The response of the person who forwarded Sheehan's message is even more disheartening: Cindy is on to the sham. For this person, the Iranians are merely a crowd of extras participating in a sham co-produced by the US and Israel. I feel compelled to explain all this, even though, as I implied earlier, the election result is now increasingly irrelevant, because the protests would be legitimate even if Ahmadinejad did, in fact, prevail. Iranians have every right to protest a government that imposes oppressive social controls upon women and young people, while criminalizing homosexuality, subjecting gays and lesbians to brutal punishments, if not death, and prohibiting the emergence of independent trade unions. I intend to address this particular aspect of the protests in more depth in a future post, but, for now, I will just observe that the left historically, as personified by its anarchist, communist and social democratic manifestations, has always been a secularizing force, hostile to the imposition of religious constraints upon personal conduct.

Sheehan is not the only person sticking her head in the sand on this. I have engaged in an ongoing e-mail exchange with someone who sends me, and a number of others on his list, articles related to anti-Zionism, anti-imperialism, South American social movements and the predations of the American empire. He has sent me a number of articles purporting to defend the Iranian election result, while maligning US media coverage and the pronouncements of Obama. I encouraged him to expand the scope of his submissions by sending out links to the ongoing debate between lenin and Yoshie over at Lenin's Tomb, as I did here earlier today. In other words, I didn't insist that he send out articles and links in support of the protests, but that he merely send out ones that set forth both sides of an engaged, passionate left debate. He was polite, but evasively firm. Forget about it.

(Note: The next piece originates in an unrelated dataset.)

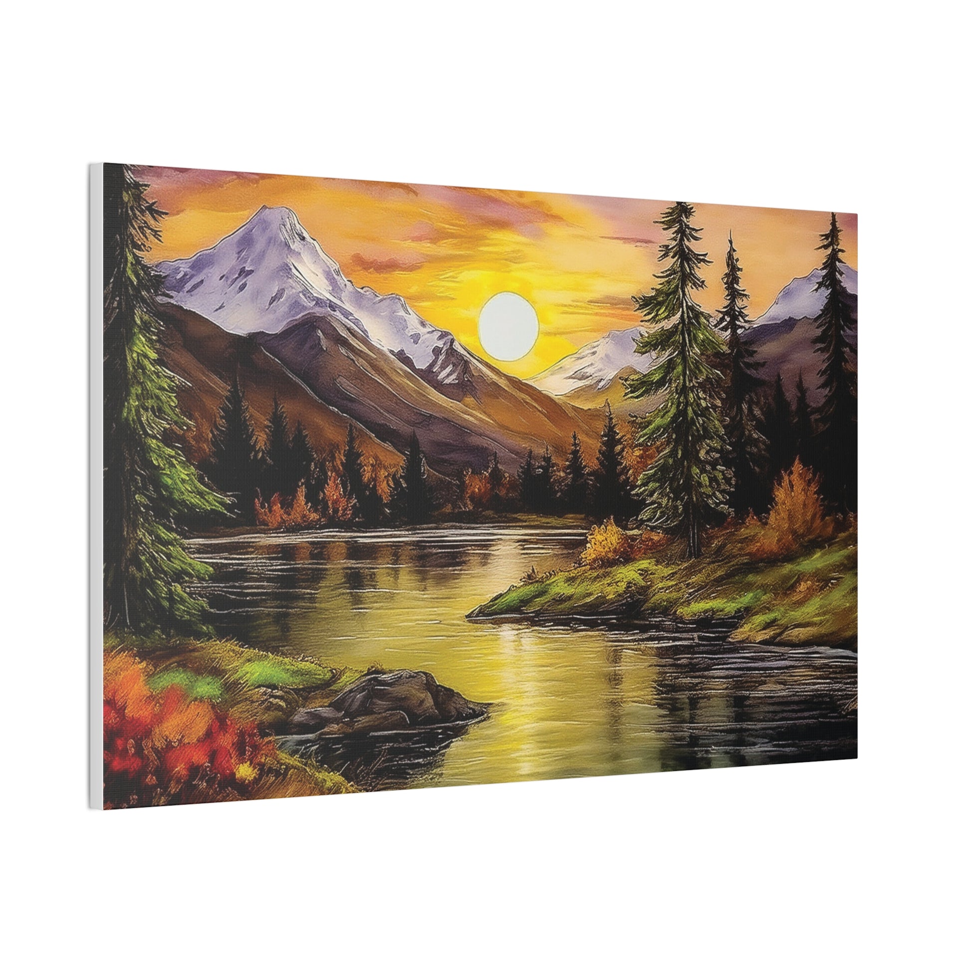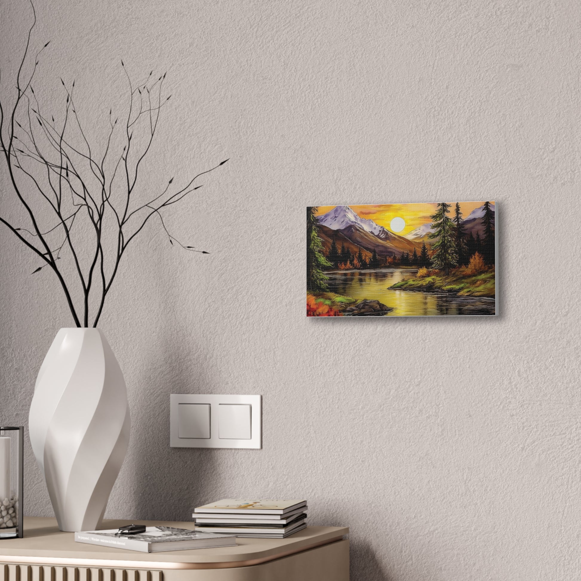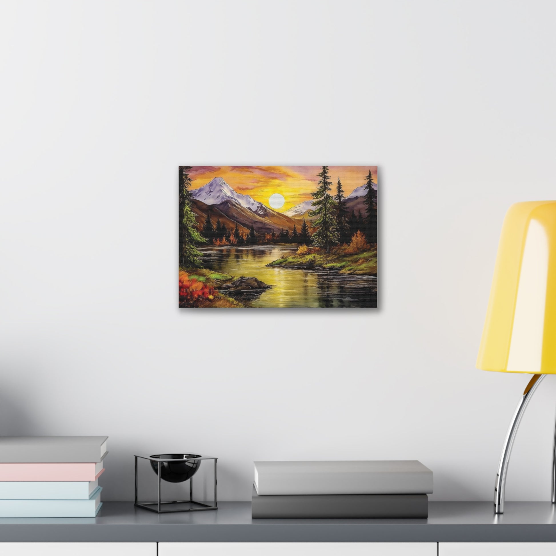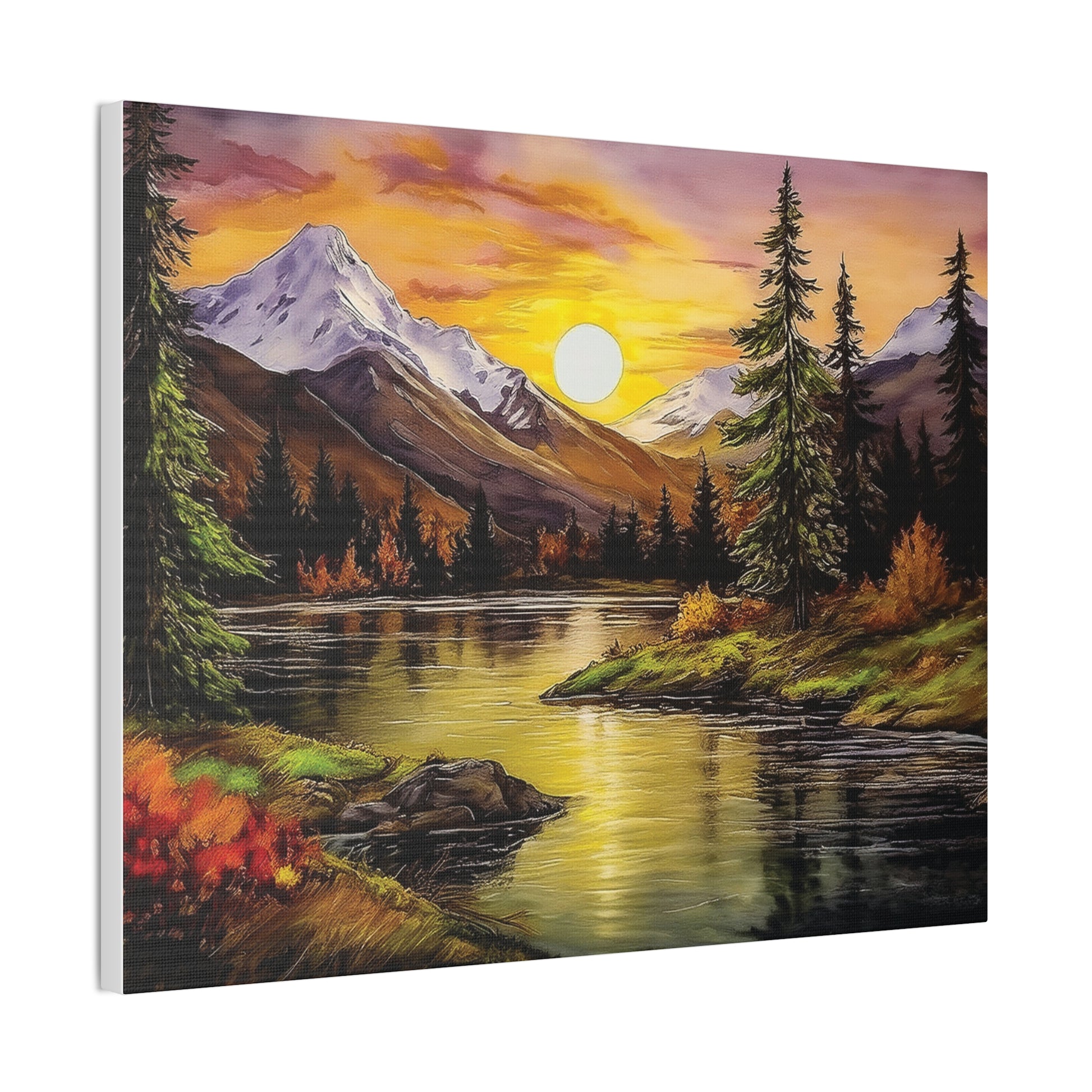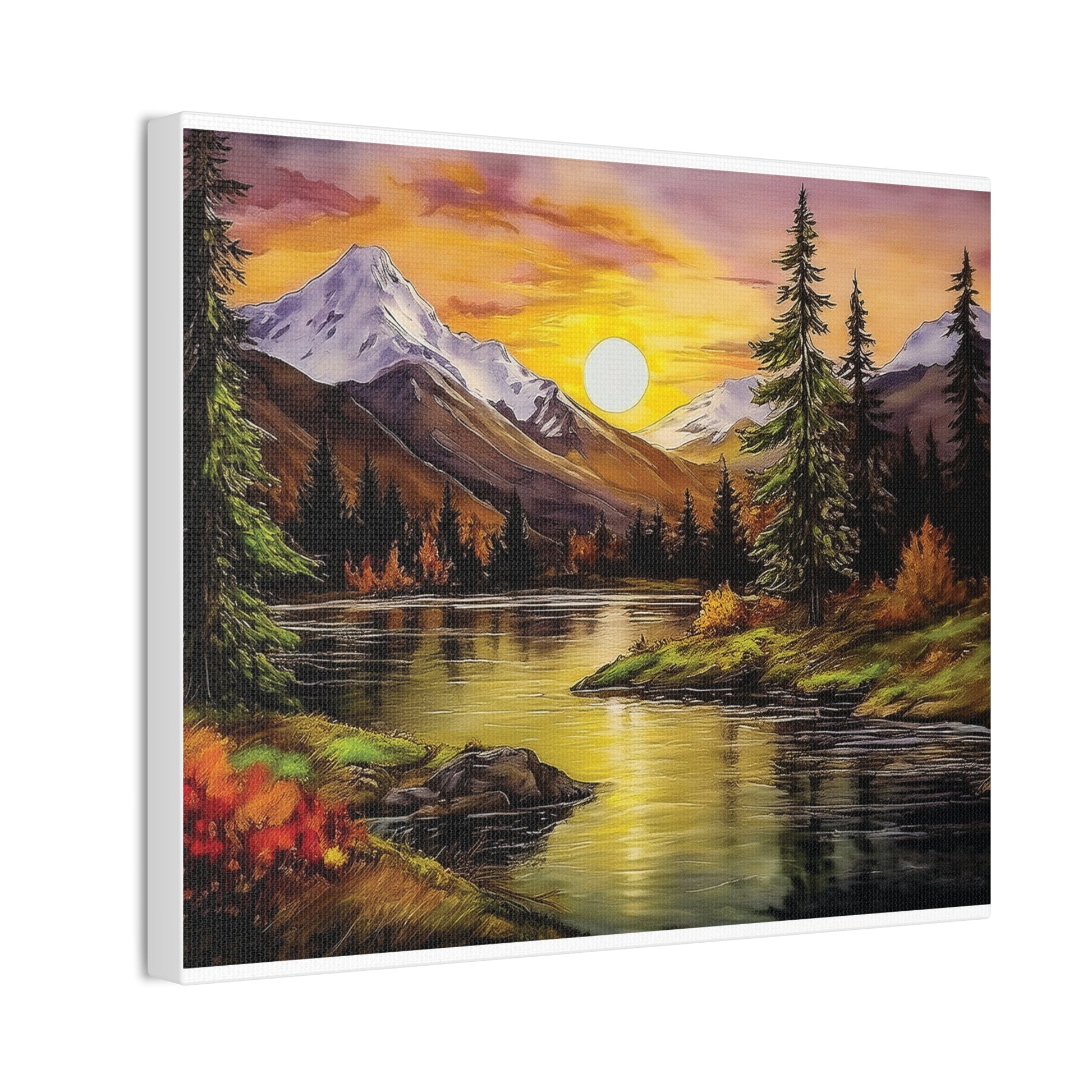 Transform your living space with this stunning canvas print. This captivating piece showcases a serene sunset scene, complete with majestic mountains and a peaceful river. Its vibrant colors bring life to any room, creating an uplifting atmosphere that invites relaxation and reflection. Perfect for nature lovers and anyone looking to enhance their home décor, this canvas print fits seamlessly into various settings—be it the living room, bedroom, or office. Ideal for holidays, housewarming gifts, or just as a special treat for yourself, it's a versatile addition that brightens up celebrations and everyday moments alike. Elevate your surroundings with art that inspires calm and connection with nature.

It is a marked contrast to lenin, Richard Seymour, who has allowed Yoshie to post several articles and numerous comments that defend the regime on his site. He recognizes that it is essential for people on the left to participate in an open, vigourous discussion. Eli, over at Left I on the News, has also been silent, while posting articles complaining about the hypocrisy of US media and the President in regard to their responses to the Iranian protests. He quite properly pilliories them for their refusal to apply the same standards to the brutalities of US and Israeli actions nearby. He does not, however, take it one step further, as As'ad Abukhalil, the Angry Arab, has done, and address what is happening inside Iran as well. Abukhalil combines a curiosity about the protests from a Middle Eastern perspective with a sharpness of political interpretation that puts the rest of us to shame. Unlike others here in the US, he is aware that waiting for the Iranian protesters to just go away is no substitute for urgently required sociological and political analysis.